Like a Monkey in the forest seeking the sweet and juicy meat that bears success.
I decided to stop and ask one of my urban oracles.
The late night guardian of Americas captive pornos, cancer sticks and freedom spirits.
The overnight Circle K attendant.
Do not underestimate the vast assortment of forbidden knowledge that they harbor deep within their night owl smutbases.
"The eye of K is upon you"]

Parking the Mukmobile, Xela waited outside to have a smoke, I went forth seeking the answers to my questionable questions.
"Hookers?" I asked him "I need to know where and quickly", glancing at my watch.
He looked up at me with the look of a man who has been beaten by society, pushing his glasses closer to his forehead.
"Hookers?" he asked, ""I know me some hookers, In between 27th ave and 32 avenue off of Indian School and Camelback..yesss...my precious...hookers...."
Then he started to ramble and as he did so, spit flecked forth from his unshaven mouth landing on the counter and powerball slips.
I realized I had opened pandoras box because this guy was a lonely man and obviously needed a friend to talk to.( and some breath mints)
My good deed done earlier in the week after donating $2 to some child abuse , I quickly backed away and cut him short by thanking him for his information and walked out the sliding doors.

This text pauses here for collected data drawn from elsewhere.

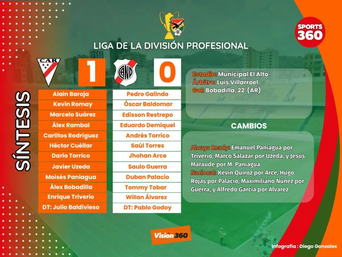 Always Ready podía ganar a Nacional Potosí por una mayor diferencia por las situaciones de gol que generó, pero se conformó con un triunfo por la mínima diferencia, este lunes en el estadio Municipal El Alto, en Villa Ingenio, por la decimosexta jornada de la Liga.
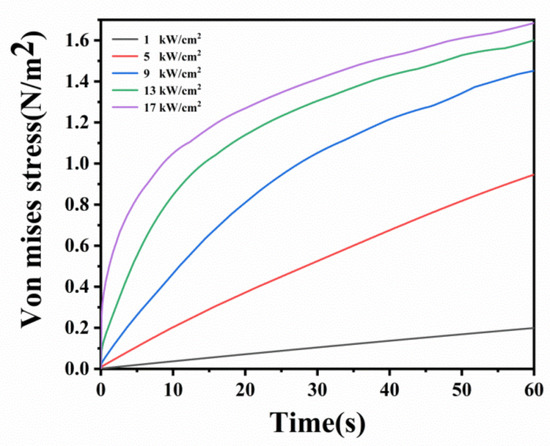 Schematic diagram of the variation of the Von Mis stress (σv) at the center of the laser beam at the laser power densities of 1000, 5000, 9000, 13,000 and 17,000 W/cm2.
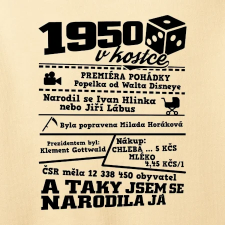 Narozeninové tričko pro ročník 1950. Sháníš originální dárek? Triko pro ročník 1950 v kostce je ten nejlepší dárek, kterým jistě potěšíš. Kolik co stálo? Kdo byl prezident? Kdo se narodil? Všechno tohle a ještě mnohem víc najdeš na našem oslaveneckém triku!
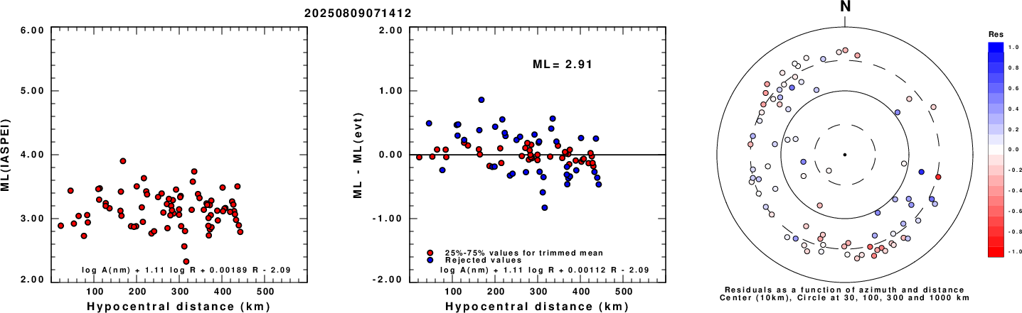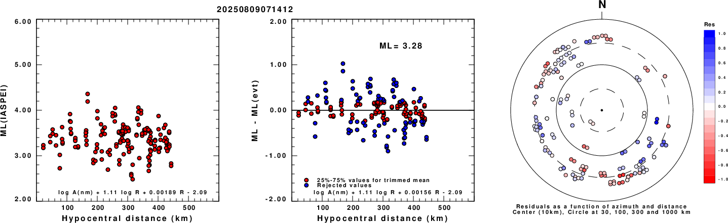 Left: ML computed using the IASPEI formula for Vertical components (research). Center: ML residuals computed using a modified IASPEI formula that accounts for path specific attenuation; the values used for the trimmed mean are indicated. The ML relation used for each figure is given at the bottom of each plot.
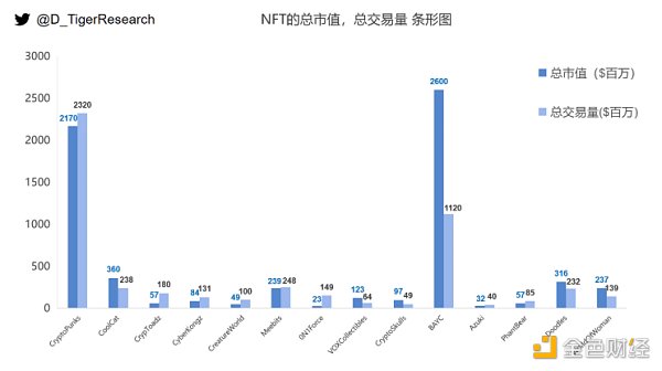 圖4-1 15種NFT的總市值和總交易量條形圖,截至2022-01-19
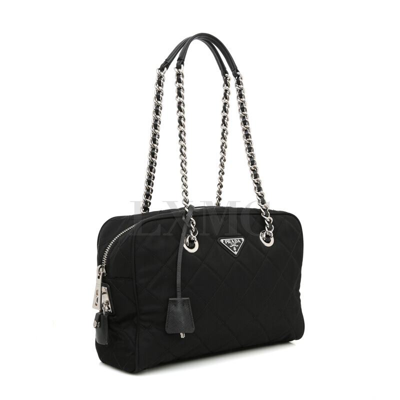 프라다 블랙 나일론 포코노 퀼팅 체인 숄더백 1BB903 보스턴백.
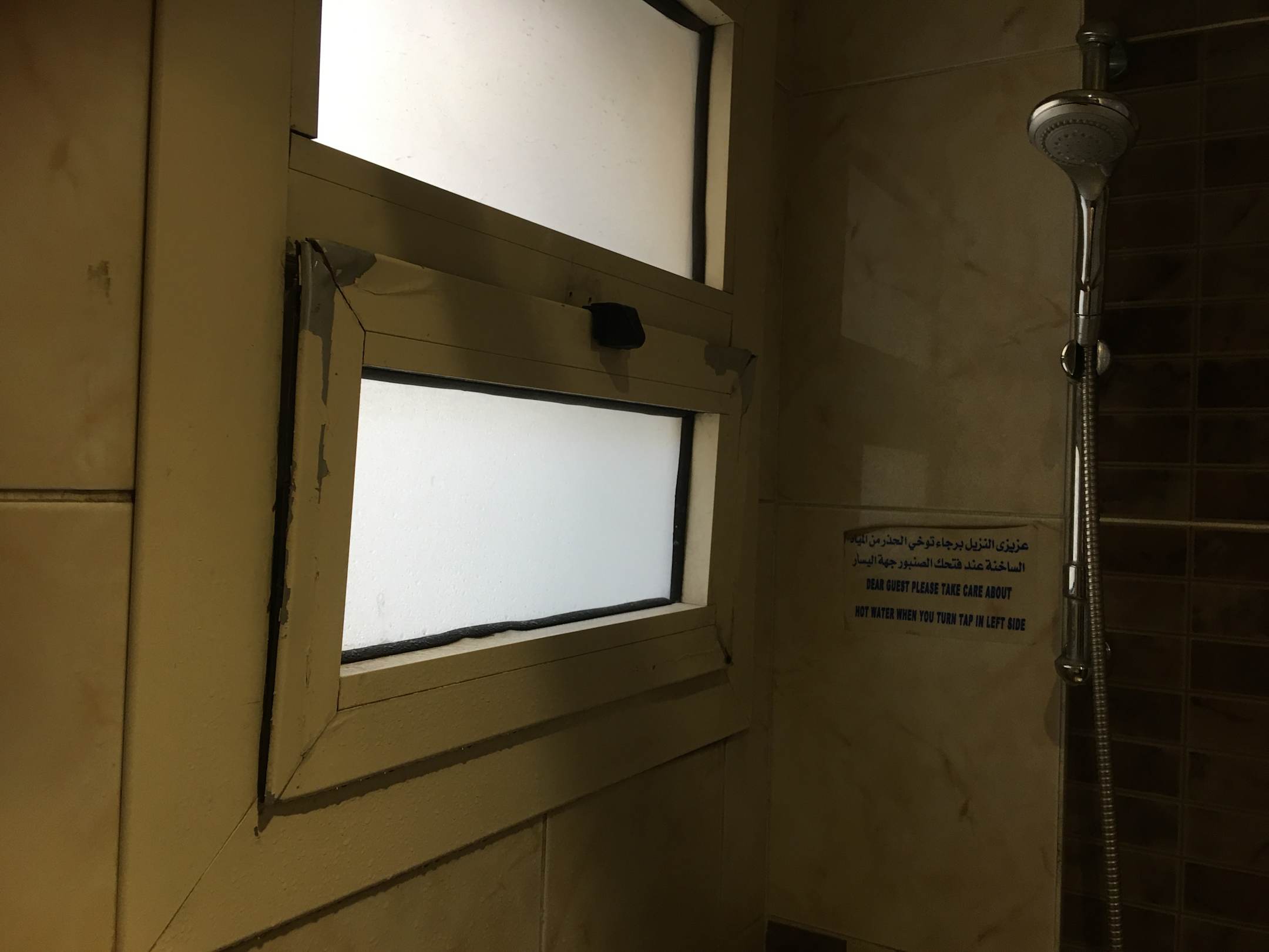 kaputtes Badezimmerfenster, das nicht richtig schliesst (Lärmquelle)
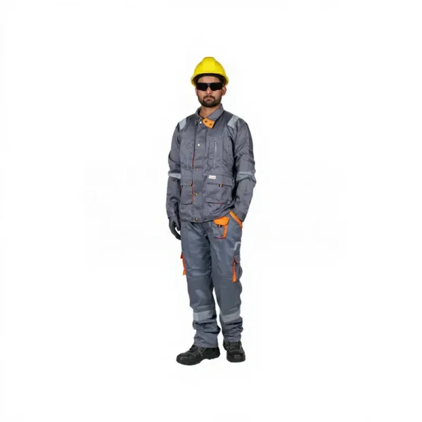 Durable grey twill workwear set (shirt + trousers) with reflective strips on sleeves, shoulders & legs, multiple pockets and reinforced stress‑points for high‑visibility industrial use
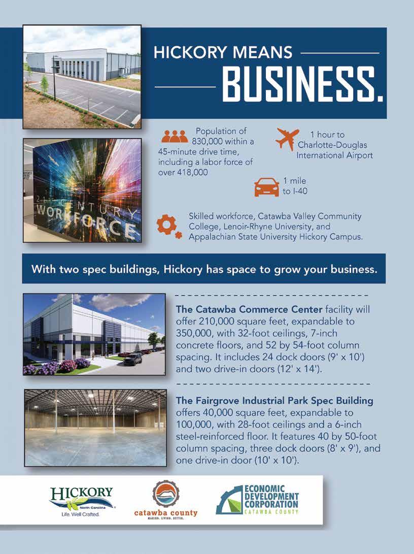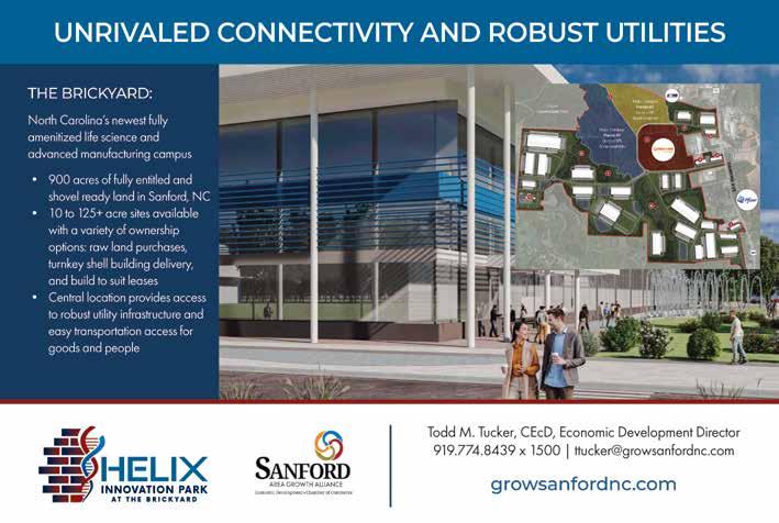 Halifax County is about halfway between New York and Florida. It’s bisected by Interstate 95 and is a 90-minute drive from international airports in Raleigh-Durham and Norfolk and Richmond in Virginia. CSX provides rail service, and the ports of Norfolk, Virginia, Morehead City and Wilmington are nearby. There’s a multimodal facility in Rocky Mount, about 45 miles south of Roanoke Rapids, the county’s mostpopulous city. It also is home to the U.S. 301 Industrial Site in Enfield, part of the Selectsite program.
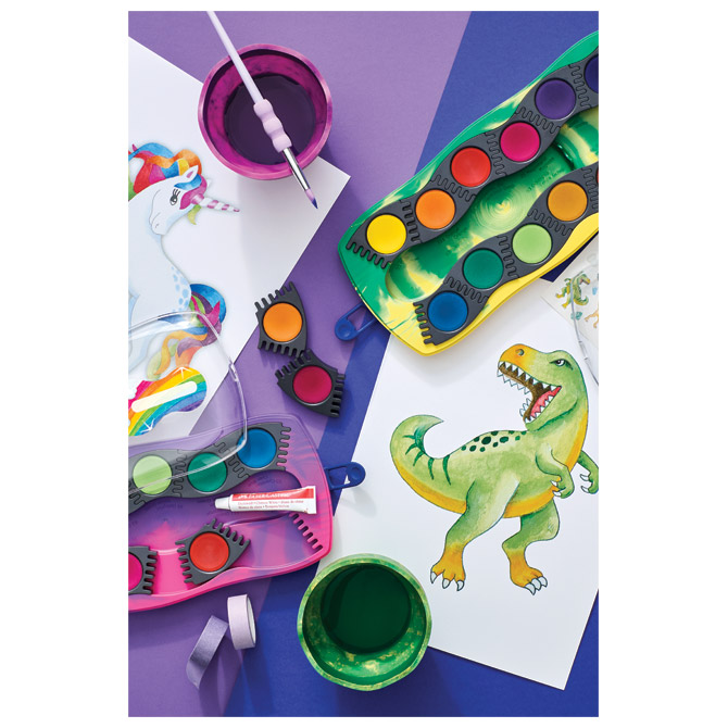 12 barv premer 24 mm bela tempera in list nalepk Na prozornem pokrovu je paleta s 5 belimi posodicami. Pokrov je mogoče odstraniti in enostavno očistiti (pritrjen je z dvema sponkama). Na pokrovu je prostor za pisanje imena. svetle barve z visoko motnostjo in prekrivnostjo za različne vrste slikarskih tehnik Vsaka barva je v svoji hišici, ki jo je mogoče poljubno razporediti v različne oblike idealno za barvanje, zlaganje in igranje razvito v skladu z najnovejšimi učnimi standardi PVC škatla
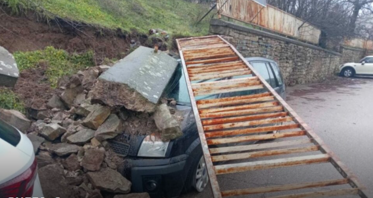 [ВИДЕО/ФОТО] Се урна потпорен ѕид на штипската клиничка болница, оштетени неколку автомобили
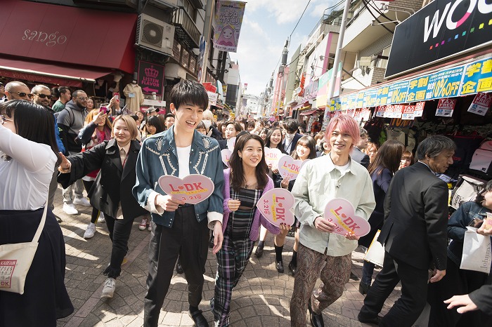 Từ trái qua phải: Sugino Yosuke vai Kugayama Shusei, Kamishiraishi Mone vai Nishimori Aoi và Yokohama Ryuusei vai Kugayama Reon
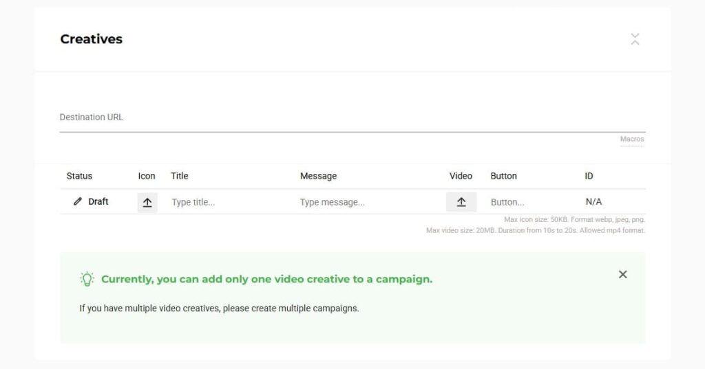 For now, you can add only one creative per campaign for Interstitial video format at RichAds, while for testing more of those it requires creating separate campaigns.
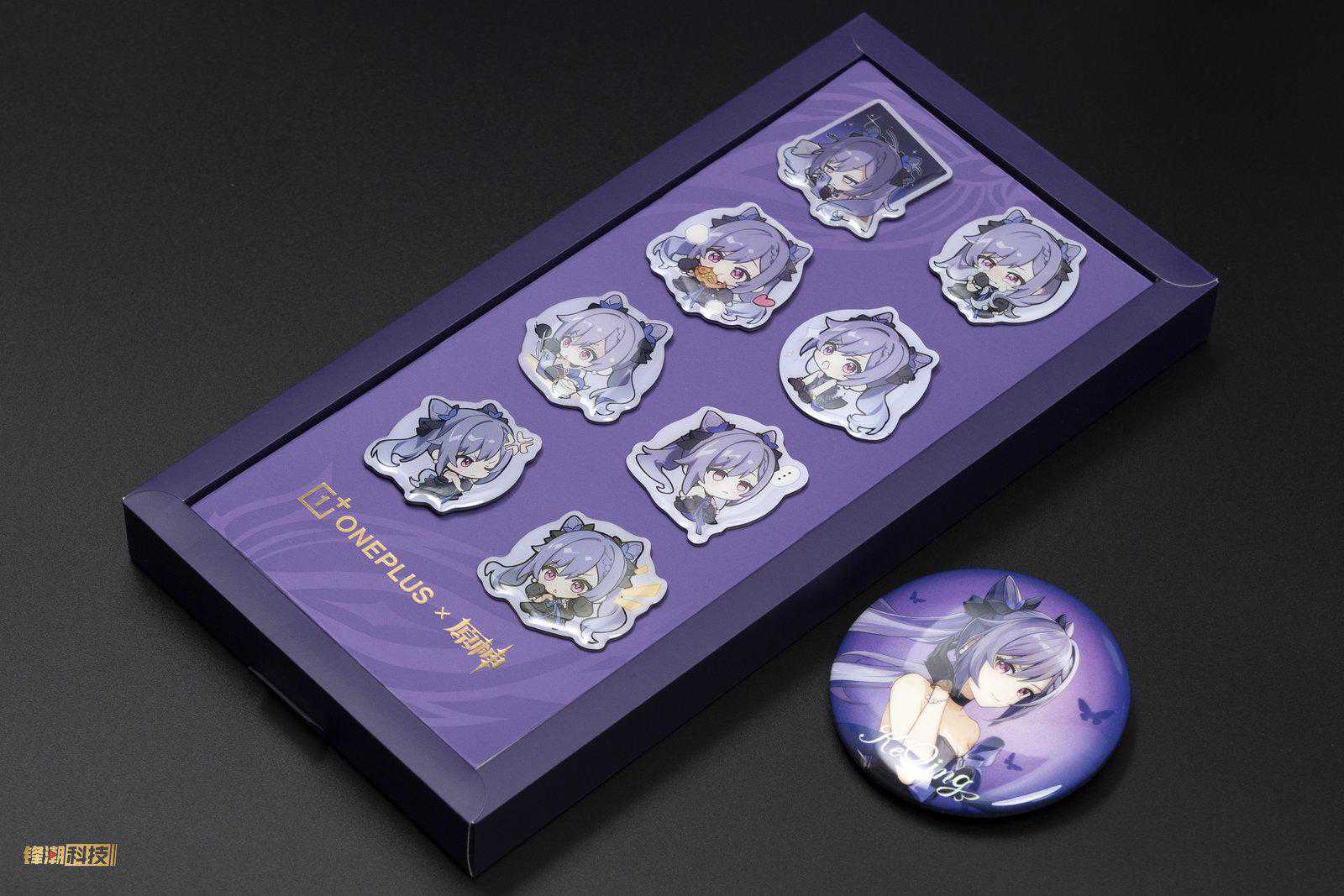 往下看看其他的配件,首先看到的就是一套一加与原神联合定制的Q版刻晴纪念金属徽章,这相信就是原神玩家们最期待的一个周边了。整套一共有八个徽章,每一个徽章都是刻晴的定制可爱表情,非常具有收藏价值。
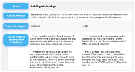 Figure 1 presents the coding procedure by demonstrating the emergence of the theme “Building relationships”.
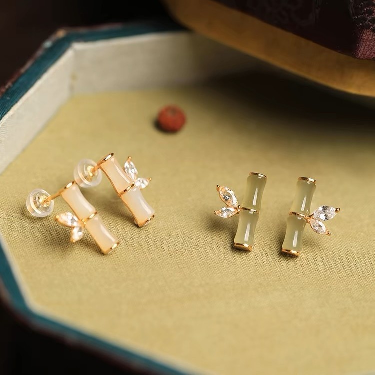 喜飾銀匠925純銀新中国式古風竹節ピアス女性レトロ高級感気質和田玉耳飾り
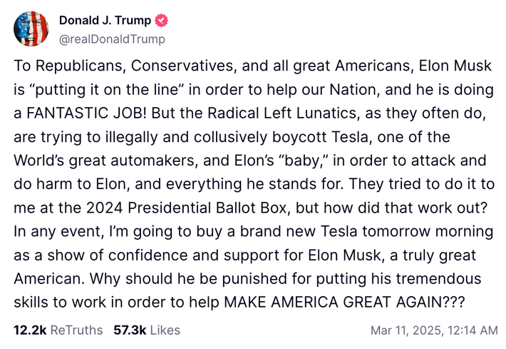 Tan temprano el martes por la mañana, Trump intentó hacer su parte por reclamación«Voy a comprar un nuevo Tesla mañana por la mañana como una muestra de confianza y apoyo para Elon Musk».
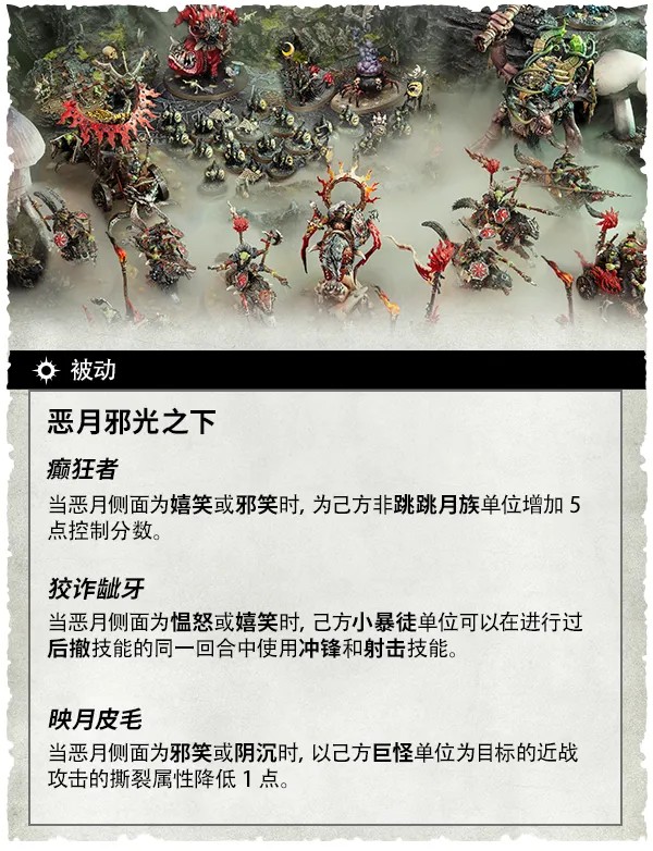 巨怪的映月皮毛會當惡月側面處於「邪笑」或「陰沉」時變得更為堅韌。因此,你或許希望在戰鬥開始時,選擇惡月展現出勝利的笑臉,以確保在前兩個戰鬥輪次中得到額外的保護,以抵禦那些想要發起近身作戰的敵軍。這些選項為精明的指揮官提供了豐富的戰術思路和軍隊組成的方式。
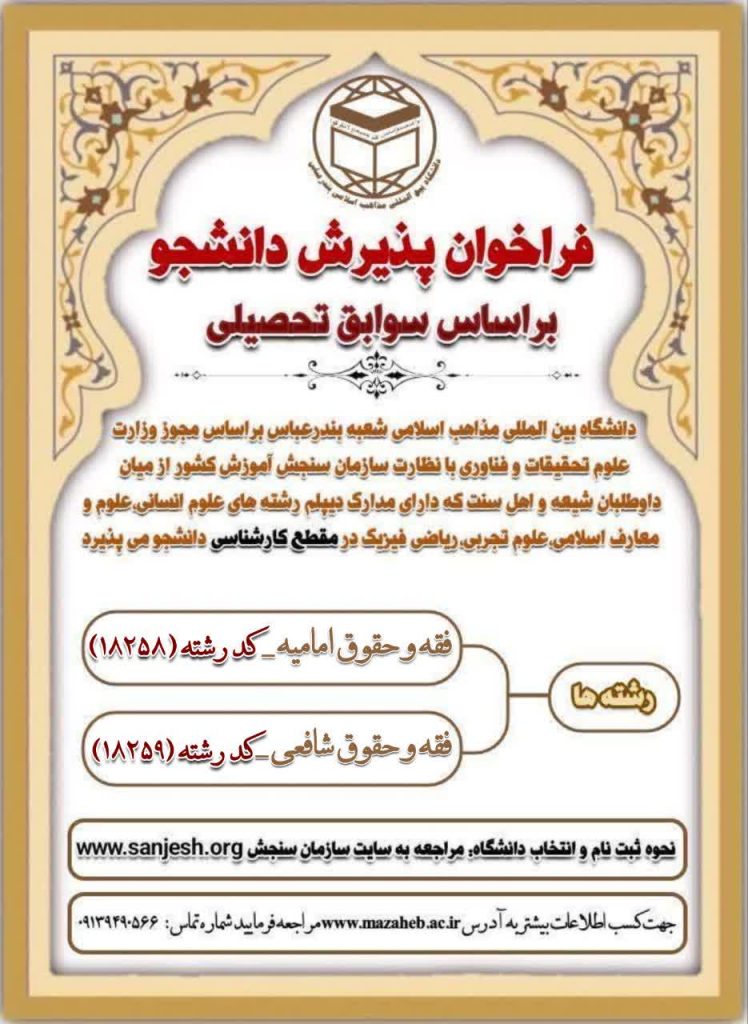 به گزارش پایگاه خبری میناب جنوب ،🔸دانشگاه بین المللی مذاهب اسلامی در مقطع کارشناسی پیوسته صرفاً بر اساس سوابق تحصیلی (معدل کتبی دیپلم) به صورت رایگان از میان خواهران و برادران واجد شرایط در رشته های فقه و حقوق امامیه و فقه وحقوق شافعی دانشجو می پذیرد.

"Jesus!" Xela whined "What took you so long?"
"I could, answer the question that you have presented me with but... "and I got into the Mulkmobile.

"But what?" Xela asked, extinguishing the ass of his cigarette on the ground by smashing it with the toe of his K-swiss sneakers.

"But then" I said as Xela got in the car and I turned to look him "but then I would have to kick your hippy ass!"

"chhhh, ya right , I'd shoot you" He responded.
"Shut your face hippy, we've got some hookers to solicit".

So we drove out to Bum Flexing Egypt and In th cover of Yellow light and Long streches of darkness we found one hooker who looked like a crackhead and was in some sketchy parking lot that was pitch black.
Needless to say, I already had one crackhead in my car and I didn't need another one.
So I aborted the mission.
Then I got hungry so on the way home I stopped by Dennys and had me some country fried steak mmmmmm.

Another busted Night....busted.
It just wasn't mean to be.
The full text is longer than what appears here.